[YOUR ASSIGNMENT]: Print the records below exactly, from the line containing "儿童学院风合唱演出服男女童爱国朗诵演讲比赛服装格纹百褶裙班服" down to the line containing "BILL NO.:4552ORDINANCE NO.:Introduced", both lines included, and omit every picture.

[DATA FOR THIS EXERCISE]:

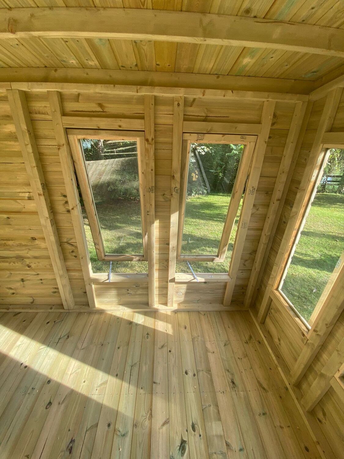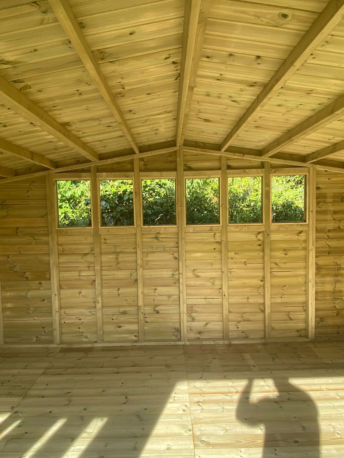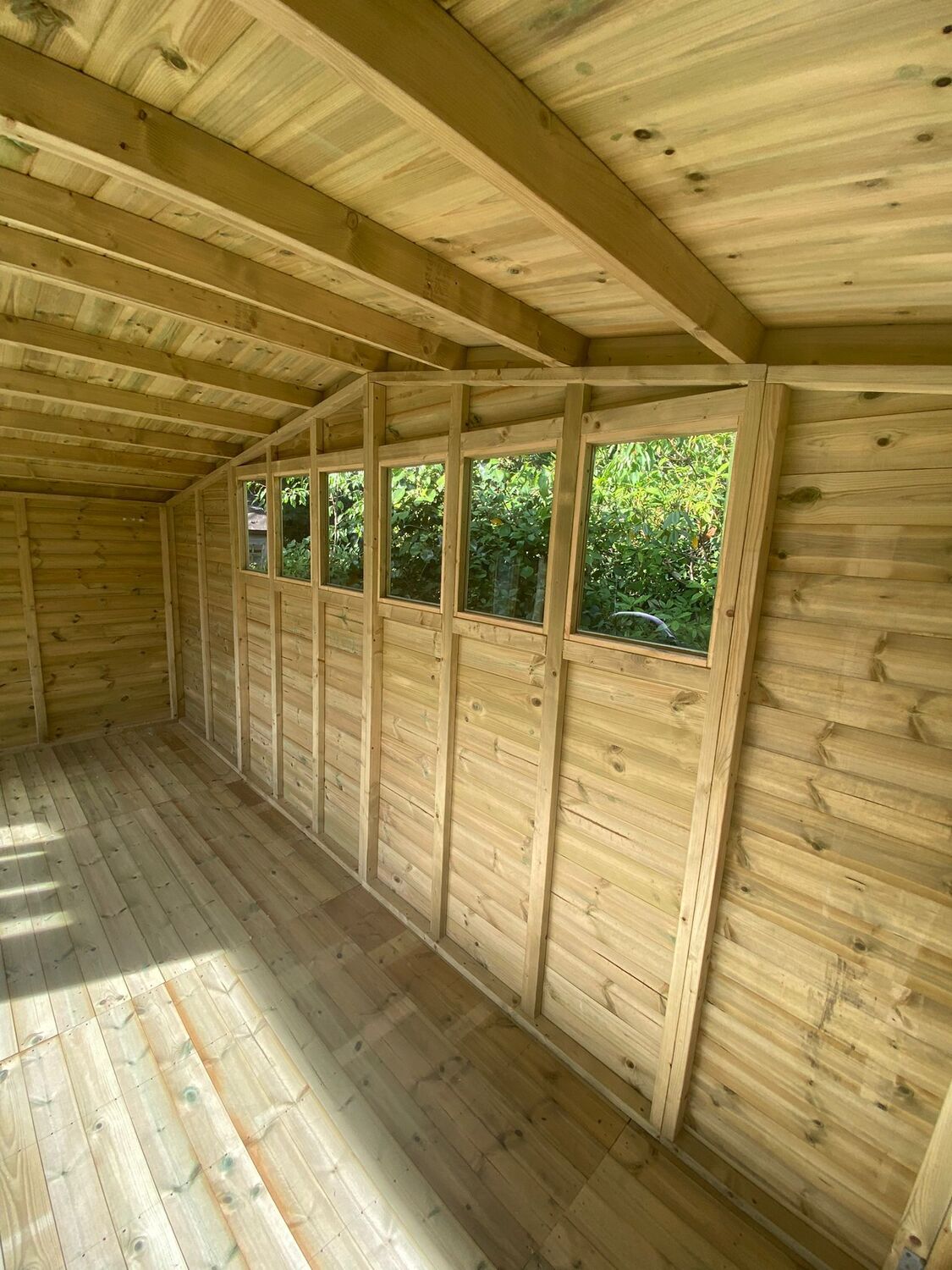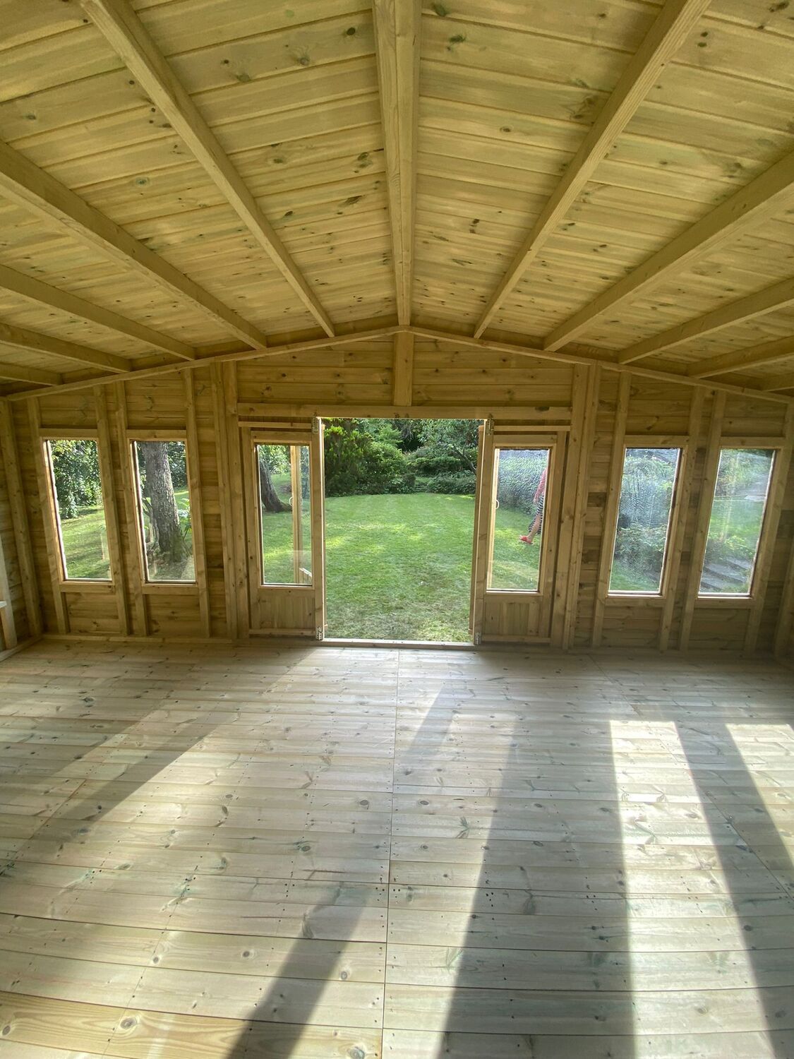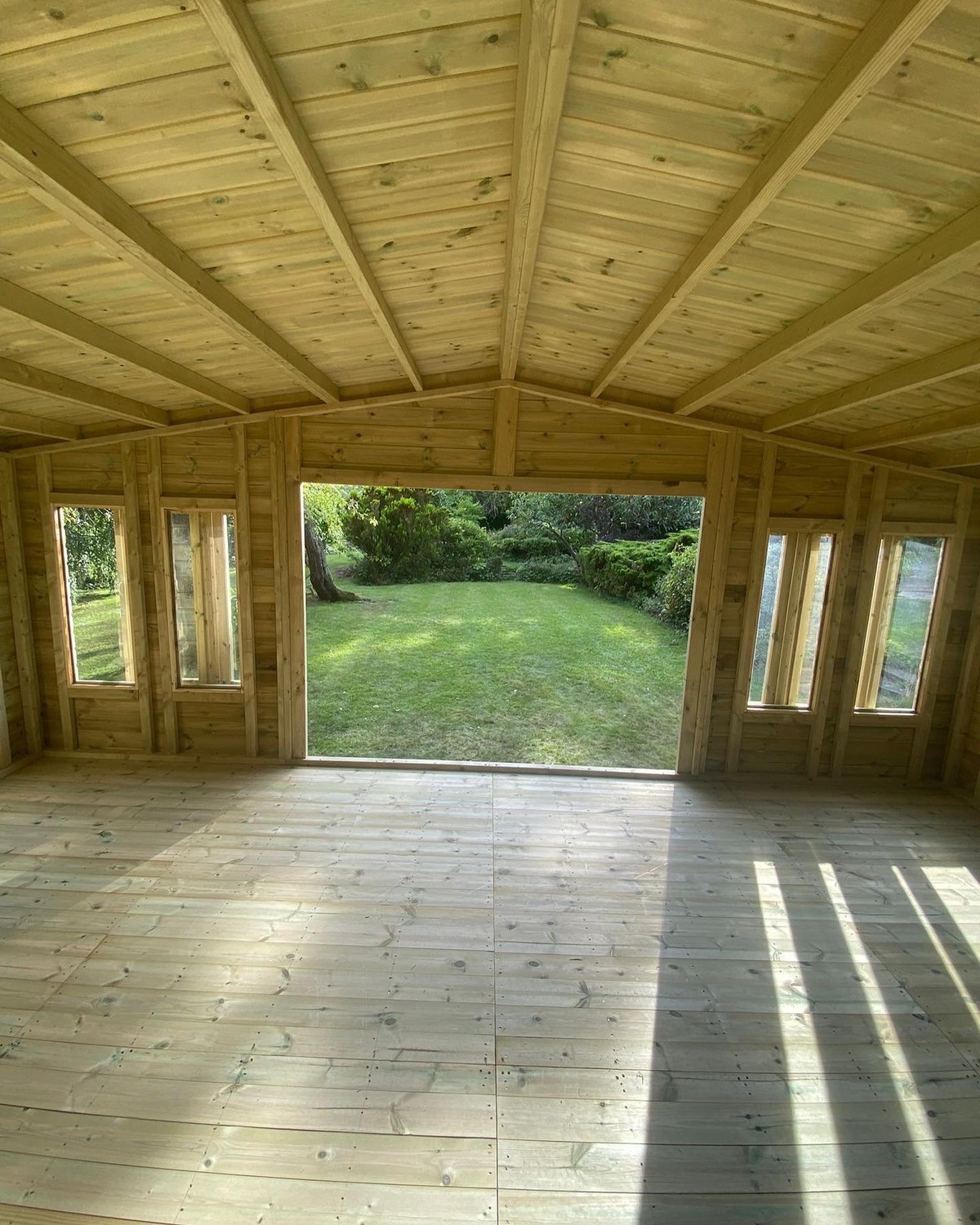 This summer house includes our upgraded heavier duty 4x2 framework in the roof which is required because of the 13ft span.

* * *

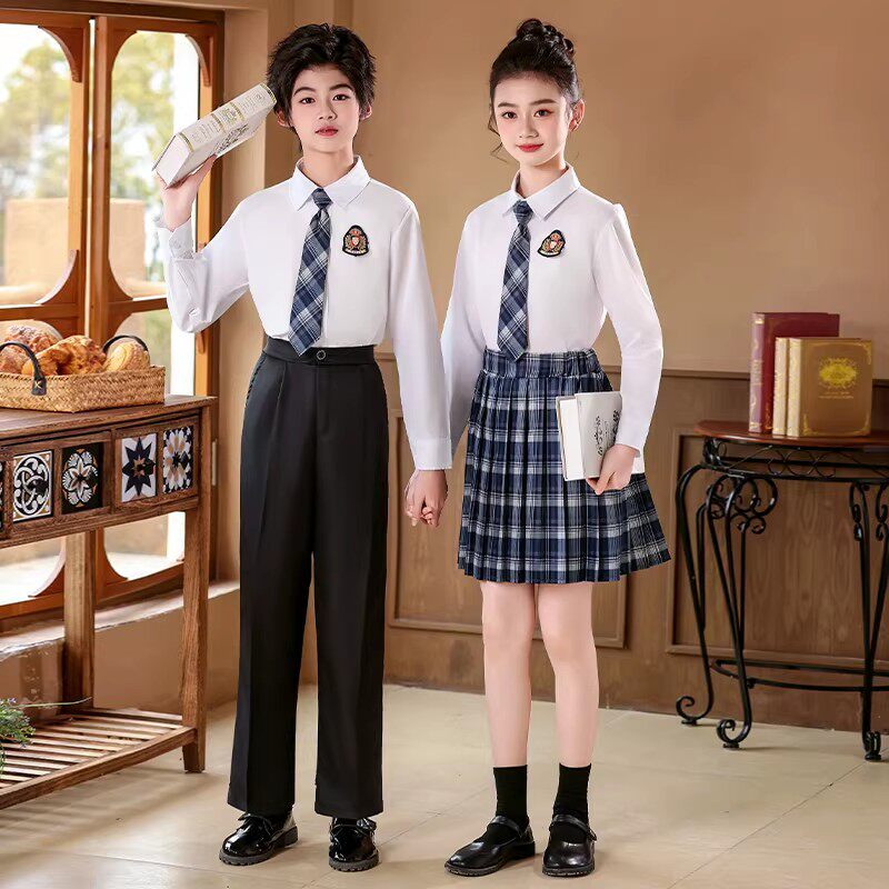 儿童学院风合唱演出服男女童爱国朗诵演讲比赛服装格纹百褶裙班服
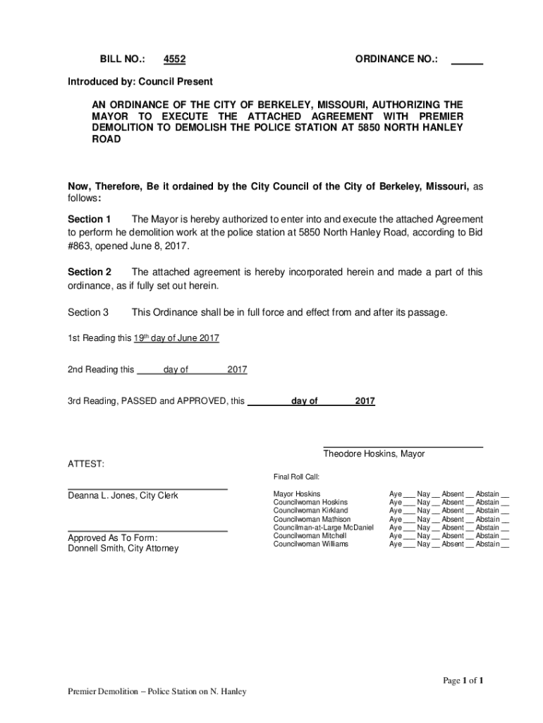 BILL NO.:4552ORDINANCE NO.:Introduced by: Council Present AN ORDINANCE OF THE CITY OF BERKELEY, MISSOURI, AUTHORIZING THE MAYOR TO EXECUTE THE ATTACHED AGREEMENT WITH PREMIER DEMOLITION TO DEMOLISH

[ANSWER BOX]:
 儿童学院风合唱演出服男女童爱国朗诵演讲比赛服装格纹百褶裙班服
 BILL NO.:4552ORDINANCE NO.:Introduced by: Council Present AN ORDINANCE OF THE CITY OF BERKELEY, MISSOURI, AUTHORIZING THE MAYOR TO EXECUTE THE ATTACHED AGREEMENT WITH PREMIER DEMOLITION TO DEMOLISH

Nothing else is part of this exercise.